### WHAT THE EXERCISE ASKS
Write out the records below from the first line through the line containing "ってことで、弊社グループ企業", leaving out any pictures.

----------------------------------------

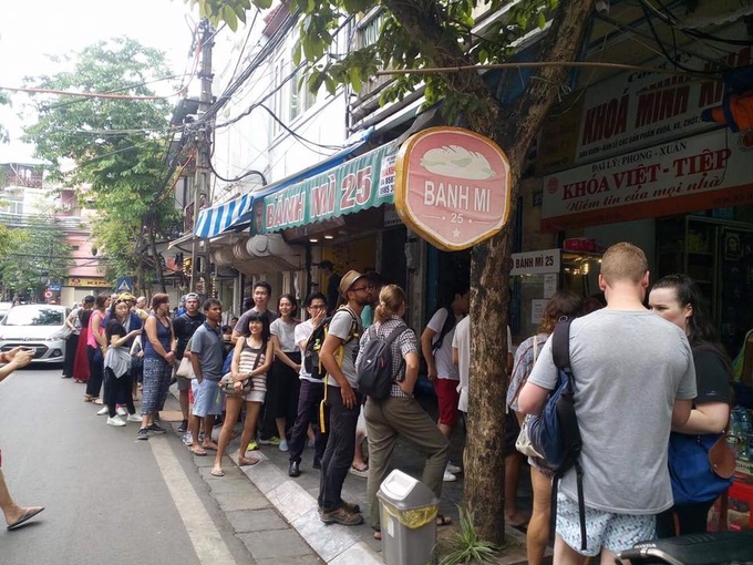 Nếu t́m từ khóa bánh ḿ Hà Nội trên TripAdvisor th́ cái tên xuất hiện đầu tiên là Bánh ḿ 25. Điều đó lư giải cho những lượt khách xếp hàng dài trước quầy để được thưởng thức. Quán nằm trên đường Hàng Cá, được nhiều người đánh giá là phục vụ bánh ḿ gịn, patê ngon. Giá 25.000 đồng một chiếc, đầy đặn, gói sạch sẽ, miễn phí trà và chuối.
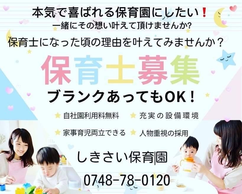 ってことで、弊社グループ企業で甲賀市甲南町にある「しきさい保育園」では現在保育士、調理師さんを大募集しております!
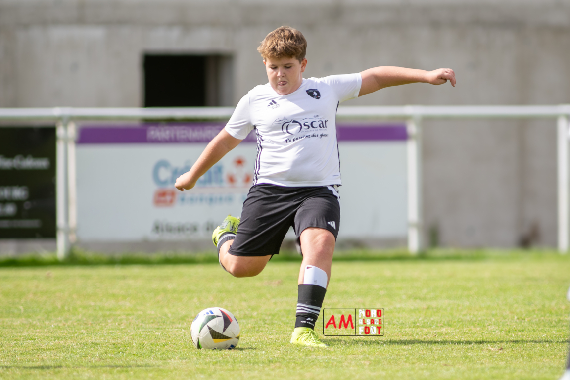 A l’occasion du premier tour de la Coupe d’Encouragement – Crédit Mutuel, les U13-5 du Groupement Jeunes d’Alsace du Nord accueillaient les U13-6 de l’Alliance de la Basse Zorn afin de tenter de se hisser au tour suivant malgré un effectif limité, et ce, face à des adversaires évoluant au même niveau. Après une première période se soldant par un large avantage en faveur des visiteurs (0-4), ces derniers ont continué à creuser l’écart en seconde période en ajoutant trois buts supplémentaires leur permettant finalement de s’imposer très largement sur ce score de 0-7. Retrouvez, ci-dessous, quelques images de cette rencontre et, pour en apprécier le contenu, veuillez cliquer sur l’une d’entre elles pour afficher le diaporama.
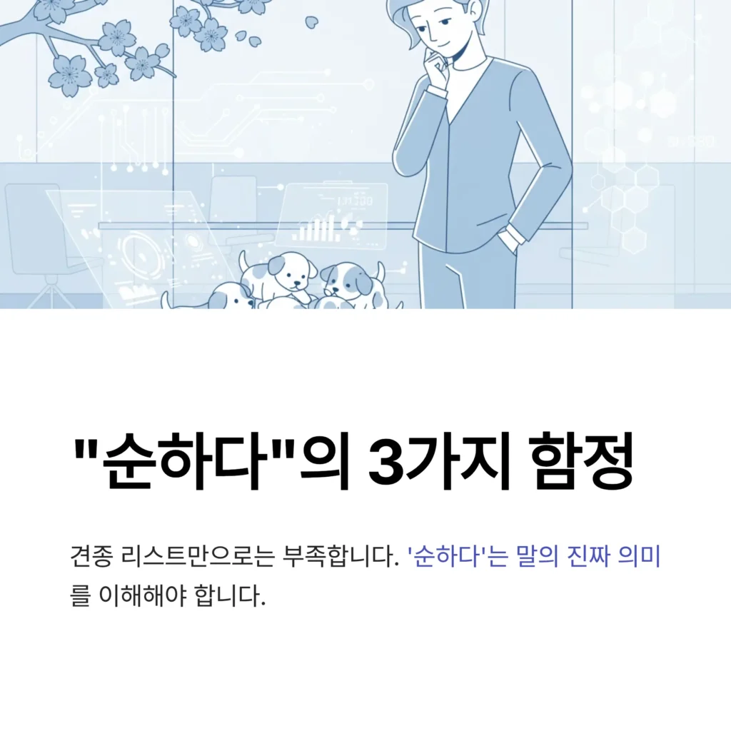 하지만 만약 단순히 견종 이름만 보고 15년을 함께할 가족을 결정하려 한다면, 이 글을 3분만 집중해서 읽어보세요. 당신의 상황(1인 가구인지, 아이가 있는지)에 100% 맞는 ‘진짜 순한 반려견’을 찾는 실패 없는 기준을 A부터 Z까지 알려드리겠습니다.
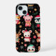 Seamless Christmas pattern with kawaii baby animals (baby cow, bear, fox, bunny, penguin, deer) wearing Christmas outfits (Santa hats, scarves, bells). Chubby cute style, glossy kawaii eyes, soft expressions. Christmas decorations: stars, snowflakes, candy canes, ornaments, pine twigs, small gift boxes. Deep black background with bold pops of Christmas red, gold, white, and pine green. Slight glitter and glowing highlights for a luxury Christmas feel, clean vector illustration, crisp outlines, festive yet premium vibe, seamless repeating tile.
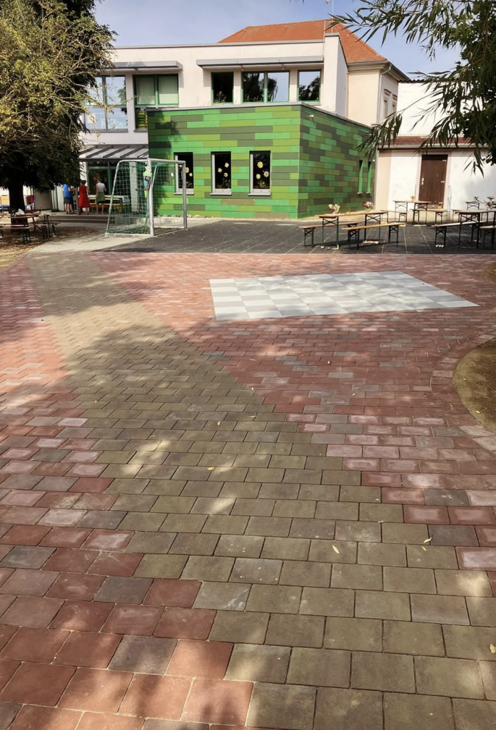 Eine ca. 200 Quadratmeter große Fläche des Schulhofes, welche zugleich Zugangsbereich und Verbindungsweg für Rollstuhlfahrer ist, wurde mit versickerungsfähigem, kinderfreundlich farbigen Ökopflaster befestigt. In diese Fläche wurden ein Großschachfeld und eine „Fahrbahn“ für Spielfahrzeuge durch farbige Pflastersteine integriert.

----------------------------------------

### RESPONSE FOR THIS EXERCISE
 Nếu t́m từ khóa bánh ḿ Hà Nội trên TripAdvisor th́ cái tên xuất hiện đầu tiên là Bánh ḿ 25. Điều đó lư giải cho những lượt khách xếp hàng dài trước quầy để được thưởng thức. Quán nằm trên đường Hàng Cá, được nhiều người đánh giá là phục vụ bánh ḿ gịn, patê ngon. Giá 25.000 đồng một chiếc, đầy đặn, gói sạch sẽ, miễn phí trà và chuối.
 ってことで、弊社グループ企業で甲賀市甲南町にある「しきさい保育園」では現在保育士、調理師さんを大募集しております!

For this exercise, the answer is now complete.